In early October 2017, a bi-partisan group of senators (Elizabeth Warren, D-Massachusetts, Orrin Hatch, R-Utah, Tammy Baldwin, D-Wisconsin, Sheldon Whitehouse, D-Rhode Island, and Bill Cassidy, R-Louisiana) penned a letter to Gene L. Dodaro, Comptroller General, U.S. GAO requesting that GAO “recommend specific strategies that would improve patient matching, including the consideration of a national patient matching strategy.”
This request was a follow-up to the request in the 21st Century Cures Act, where Congress requires the GAO to “evaluate the efforts, policies and activities of the Office of the National Coordinator (ONC) for Health Information Technology around patient matching methods and areas of improvement.” Furthermore, Congress included language in the FY17 Omnibus spending bill to “aid in the efforts toward an improved national patient matching strategy,” which is a dramatic change from its previous prohibition of HHS from working with the private sector on the development of a unique private identifier (UPI). This new language encourages the Secretary to “provide technical assistance to private-sector led initiatives to develop a coordinated national strategy that will promote patient safety by accurately identifying patients to their health information.”
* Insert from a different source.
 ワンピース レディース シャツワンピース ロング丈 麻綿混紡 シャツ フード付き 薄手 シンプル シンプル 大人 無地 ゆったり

Verato has developed the next-generation of patient matching technology and has proven that it delivers superior match rates to existing approaches. So, we did what any concerned constituent would do – we wrote a letter! In this letter, we requested that as part of their analysis and recommendation, the GAO consider “Referential Matching” as an alternative solution to existing patient matching technologies that have failed our healthcare system. We sent this letter to key healthcare committees on the Hill and the GAO, offering to brief them on: why patient matching problems exist, how this problem will exponentially multiply as more health enterprises attempt to exchange patient records with each other, and why Referential Matching is the only solution that can achieve accurate patient matching on a national scale. As a result of this outreach, we ultimately met with the Senate HELP Committee (Majority and Minority), health policy advisers for Senators Warren and Cassidy, the House Energy and Commerce Committee, and the GAO. (Fortunately, our offices are a 20-minute Uber ride from Capitol Hill in non-rush hour traffic, 1.5 hour Uber ride in rush hour traffic.)
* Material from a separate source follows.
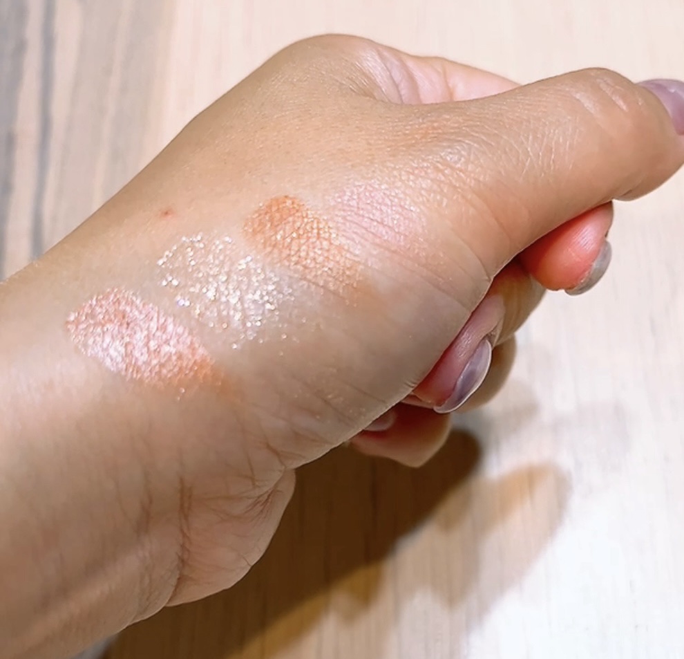 - 左上:タルク、合成フルオロフロゴパイト、イソステアリン酸ポリグリセリル-2、トリ(カプリル酸/カプリン酸)グリセリ ル、シリカ、ラウロイルリシン、ダイマージリノール酸(フィトステリル/イソステアリル/セチル/ステアリル/ベヘニ ル)、セスキイソステアリン酸ソルビタン、エチルヘキシルグリセリン、カプリル酸グリセリル、トコフェロール、クロルフェネ シン、デヒドロ酢酸Na、シャクヤク根エキス、リンゴ果実エキス、セージ葉エキス、ローマカミツレ花エキス、アボカドエキ ス、BG、水、マイカ、酸化チタン、酸化スズ、酸化鉄、グンジョウ、ホウケイ酸(Ca/Al)、カオリン 右上:合成フルオロフロゴパイト、タルク、トリ(カプリル酸/カプリン酸)グリセリル、シリカ、ダイマージリノール酸(フィ トステリル/イソステアリル/セチル/ステアリル/ベヘニル)、イソステアリン酸ポリグリセリル-2、ラウロイルリシ ン、セスキイソステアリン酸ソルビタン、エチルヘキシルグリセリン、カプリル酸グリセリル、トコフェロール、クロルフェネ シン、デヒドロ酢酸Na、シャクヤク根エキス、リンゴ果実エキス、セージ葉エキス、ローマカミツレ花エキス、アボカドエキ ス、BG、水、マイカ、酸化チタン、酸化スズ、酸化鉄、グンジョウ、水酸化Al、カオリン 左下:合成フルオロフロゴパイト、タルク、トリ(カプリル酸/カプリン酸)グリセリル、ダイマージリノール酸(フィトステリ ル/イソステアリル/セチル/ステアリル/ベヘニル)、イソステアリン酸ポリグリセリル-2、ラウロイルリシン、セスキ イソステアリン酸ソルビタン、エチルヘキシルグリセリン、カプリル酸グリセリル、トコフェロール、シリカ、クロルフェネシ ン、デヒドロ酢酸Na、シャクヤク根エキス、リンゴ果実エキス、セージ葉エキス、ローマカミツレ花エキス、アボカドエキ ス、BG、水、マイカ、酸化チタン、酸化スズ、酸化鉄 右下:合成フルオロフロゴパイト、タルク、シリカ、トリ(カプリル酸/カプリン酸)グリセリル、イソステアリン酸ポリグリセ リル-2、ダイマージリノール酸(フィトステリル/イソステアリル/セチル/ステアリル/ベヘニル)、ラウロイルリシン、 セスキイソステアリン酸ソルビタン、エチルヘキシルグリセリン、カプリル酸グリセリル、トコフェロール、クロルフェネシ ン、デヒドロ酢酸Na、シャクヤク根エキス、リンゴ果実エキス、セージ葉エキス、ローマカミツレ花エキス、アボカドエキ ス、BG、水、マイカ、酸化チタン、酸化鉄

The ONC has stipulated that by 2018, duplicate rates should be 2% within health systems – and should drop to 0.5% by 2020. Using existing patient matching technology that is based on probabilistic algorithms (i.e. the technology found in Master Patient Index technologies, or MPIs), these match rates are nearly impossible to achieve within the four walls of a health system and impossible to achieve as health systems match and exchange records with each other. And, as more health enterprises attempt to exchange records with each other – across a state or region, for example – errors start compounding, degrading match rates further.
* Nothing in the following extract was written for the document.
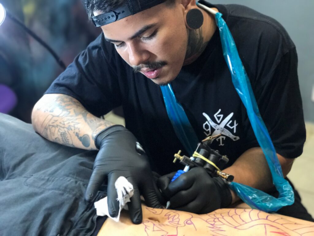 “Na mesma hora, eu fui procurar o Instagram dele e eu vi uma foto bem bonita. Eu entrei em contato, falei ‘olha, eu queria tatuar essa foto sua, pra eu podar te ajudar, é uma forma de te ajudar com o meu trabalho, e a grana eu te mando’ ”, conta.

We believe that a national patient matching service or “utility” that uses Referential Matching is the most effective way to achieve inter-enterprise match rates that are mandated by the ONC and, maybe more importantly, that are required to ensure patient safety, improve clinical outcomes, and reduce healthcare costs. Health enterprises would map their patient rosters to identities in a national reference database and, as a result, would be able to automatically associate and link patients that are common across them. More than one reference database could participate in this national service; as long as every reference database is synchronized, patients would still be linked across them. This approach would maintain a consistent match rate across health enterprises participating in this national patient matching service and would not decrement as more organizations joined the network.
In the ONC’s proposed Trusted Exchange Framework and Common Agreement (TEFCA), we recommend that this is a service that the Recognized Coordinating Entity (RCE) would provide to the Qualified Health Information Networks (QHINs).
As we continue to speak with health policy and patient matching influencers – and ultimately the ONC – we recognize that a dramatic shift needs to occur in how healthcare approaches patient matching. Today’s approach is inefficient, costly, time-consuming and still not yielding the required results. The importance of patient matching will be underscored if and when the industry organizes around TEFCA. New methods, technologies, and processes need to be considered; and only then will true interoperability on a national level be achieved.